My duty station was in the Command Post, located in the Headquarters of the 366th Tactical Fighter Wing, about a half-mile walk from the living quarters within the compound. I was on duty in the nerve center of the fighter wing’s operations on a night in February 1967. The nearness of the threat of the Viet Cong was certainly in evidence that night when a Marine A-6 attack aircraft launched on a strike mission. The aircraft lost power for an unknown reason and crashed within a mile of the runway end just after takeoff at 2100 hours. The A-6 was destroyed in the crash but, strangely enough, the resulting fire was due primarily to the final resting location being directly over a cache of Viet Cong weapons. The hidden rockets and ammunition set off explosions for six hours afterward, precluding crash and rescue personnel from totally extinguishing the fire.
The sprawling base at Da Nang was the site of Marine and Air Force units in direct war support efforts. The sleeping quarters of the block house where I was housed was a two story rough block structure for officers from various support and flight functions. Intelligence officers, supply personnel, tactical flying support pilots, and other wing personnel made this block house their home. Roughly two dozen beds were on each floor in the sparse quarters with a common latrine located in the center of each floor, which offered shower and sanitary facilities. The beds were in bunk fashion and were of the type depicted in the Beetle Bailey cartoon, where Beetle spends so much of his time. With metal frames and a spring metal base, the mattress was about three inches thick, but could be termed comfortable. As personnel rotated stateside at the end of their tour, adjustments to location would be made. I had recently been able to assume a lower bunk, on the upper floor, after spending the first half of the year in an upper bunk.
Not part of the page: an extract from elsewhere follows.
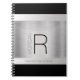 Caderno Espiral DIY Monogram Name, Black Grey Text, Brushed Silver

Two months after the A-6 crash on the base, and while in a deep sleep at 2:30 in the early morning in the block house, a sudden explosion occurred which shook the entire building. Incoming hand launched rockets by the Viet Cong had been directed onto the base in some random acts prior to this time, but we had been unaffected by them. Until now! The immediate reaction, upon being rudely awakened, was to get under the bed while at the same time pulling the mattress over top. This I proceeded to do, as did all the other occupants of the building. The time to react in this fashion was, I assure you, quite short. We all laid there for a time, and hearing nothing further, arose to survey the damage and to affirm the status of the occupants.
No one was injured, but it was ascertained that one individual had make a nocturnal visit to the latrine, relieved himself, and was just returning to his bunk when the incoming rocket hit the compound. Further investigation revealed that the rocket had impacted our block building directly in the center on the upper level right in the center of the latrine. Fortunately, an inner block wall segregated the latrine from the sleeping areas. My bunk was adjacent to that inner block wall which was the only obstacle that precluded personnel injury.
We were later to learn that there had been a total of six hand launched rockets that hit the base that night. Two marines, on the east side of the base, were fatal casualties during that rocket attack.
The outer block wall was repaired and the latrine brought back to operable fashion in short order. The sleep habits of myself and my compatriots were, undoubtedly, altered to some degree in the following nights, with perhaps a bit less sound sleep the result.